Les différents types de revêtement pour toit plat de maison

Les différents types de revêtement pour toit plat de maison

Les différents types de revêtement pour toit plat de maison disponibles sont : asphalte et gravier, élastomère, EPDM ou TPO. Chacun a les inconvénients de ses avantages (et vice-versa). Mais tous ont deux défis principaux : la qualité de la pose et la lutte contre l’effet « îlot de chaleur » contre lequel les municipalités sont en guerre. Les toits doivent refléter le soleil au lieu de l’absorber, et ne pas devenir énergivores avec la climatisation en été. Tour d’horizon des membranes à disposition.

Asphalte et gravier 

Un revêtement en feutre multicouche avec asphalte liquide, recouvert de graviers blancs pour l’isolation thermique. Cette couverture évacue bien l’eau, mais son isolation est débattue, comme le fait qu’on ne sache pas encore recycler l’asphalte au Québec. Les graviers rendent l’entretien difficile et deviennent sombres avec le temps et la pollution.

Élastomère

Les membranes en élastomère sont surtout utilisées par les bâtiments industriels, notamment en raison de leur coût. Elles sont faites de deux couches fusionnées par chalumeau. Si la fusion est mal réalisée, la durée de vie et l’imperméabilité du toit peuvent en souffrir. Dérivé du pétrole, l’élastomère est regardé de travers par les assureurs en raison de ses propriétés inflammables, en particulier dans les bâtiments industriels. Ces membranes sont recyclables.

EPDM

Les membranes de caoutchouc EPDM sont économiques. C’est un revêtement monocouche, collé à même le toit. Mal collée, la membrane perdra ses propriétés. Les écureuils auraient tendance à faire des ravages dans les plis mal collés. Également recyclable.

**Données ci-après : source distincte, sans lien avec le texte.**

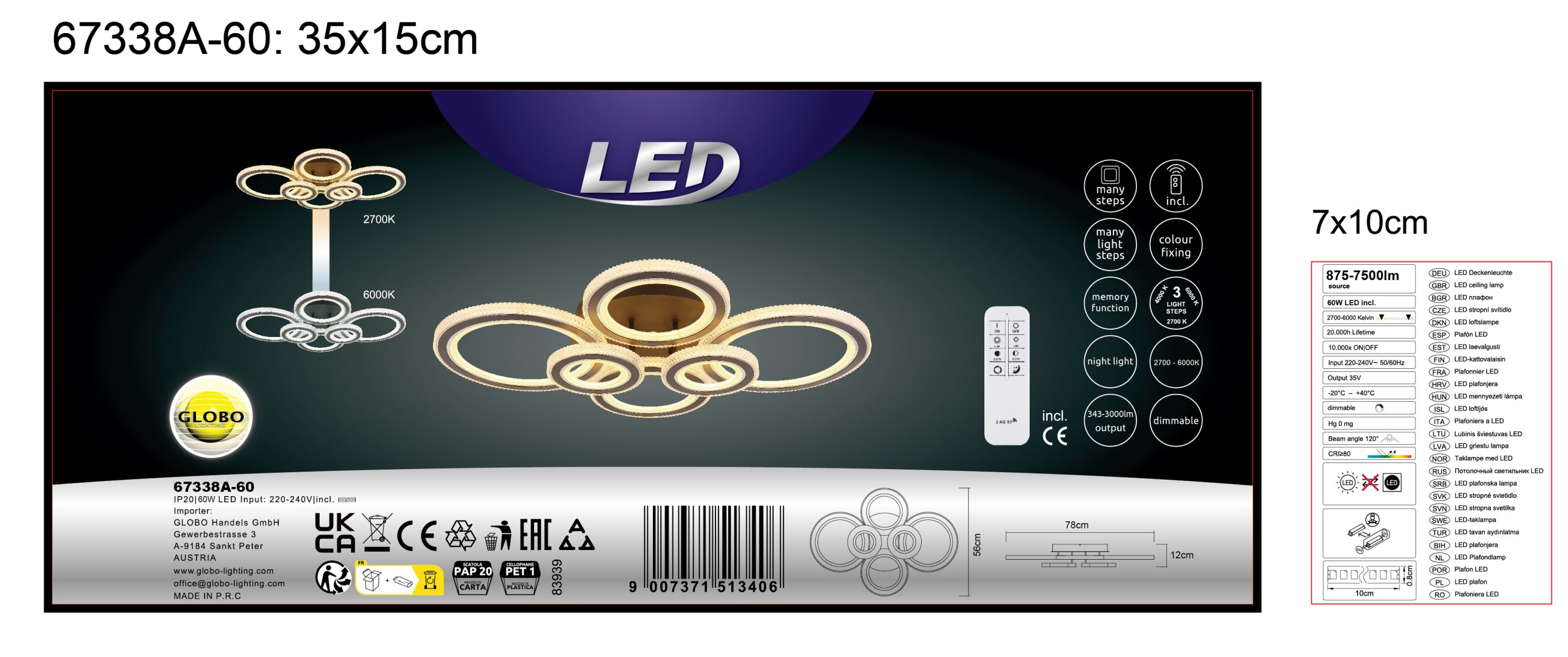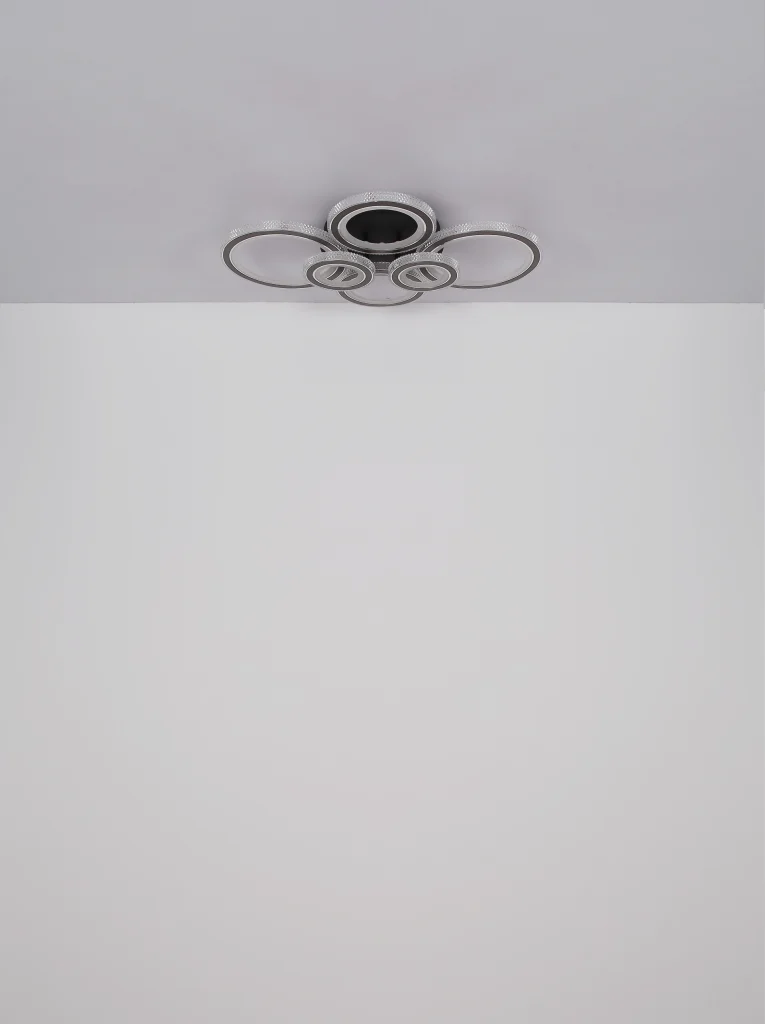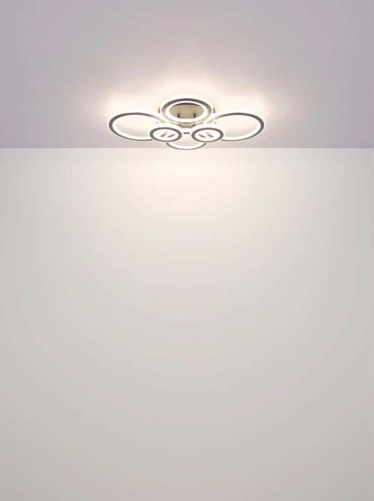 Plafonska lampa Kora ubeđuje svojim modernim, pravougaonim dizajnom i 6 pomeranih prstenova. Telo od mat crnog metala i abažur od antracit-mat metala i opal akrila pružaju elegantno osvetljenje. Svetlo se može prigušiti i omogućava vam da fiksirate boje. Sa funkcijom memorije i noćnim svetlom, nudi svestrani dizajn osvetljenja. Svetlosni izlaz od 2890 lumena i CCT od 2700 K do 6000 K pružaju prijatno osvetljenje u svakoj prostoriji.

Membranes thermoplastiques (TPO)

Les membranes TPO (polyoléfine thermoplastique) sont claires et lavables. On les pose par-dessus un panneau isolant et on fusionne les joints à chaud. Une pose parfaite permet d’économiser sur la climatisation pendant l’été. Elles coûtent moins cher à l’achat et en installation. Comme l’EPDM, le TP se recycle facilement.

Les membranes thermoplastiques (TPO) ont pour elles le prix économique, le fait d’être facilement lessivables (pour ne pas perdre les propriétés réfléchissantes) et d’être extrêmement résistantes (aux branches d’arbres, ou à nos amis les écureuils par exemple). À noter qu’elles ne conviennent pas du tout aux toits en pente même légère : la neige ou la glace glisseraient trop facilement.

Les joints et les retailles sont des zones fragilisées : c’est à dire que posés par un amateur, ils seront le maillon faible de votre toiture et vous risqueriez de ruiner l’étanchéité. En choisissant un couvreur agréé par le fabricant de membrane TPO, vous bénéficierez de la garantie.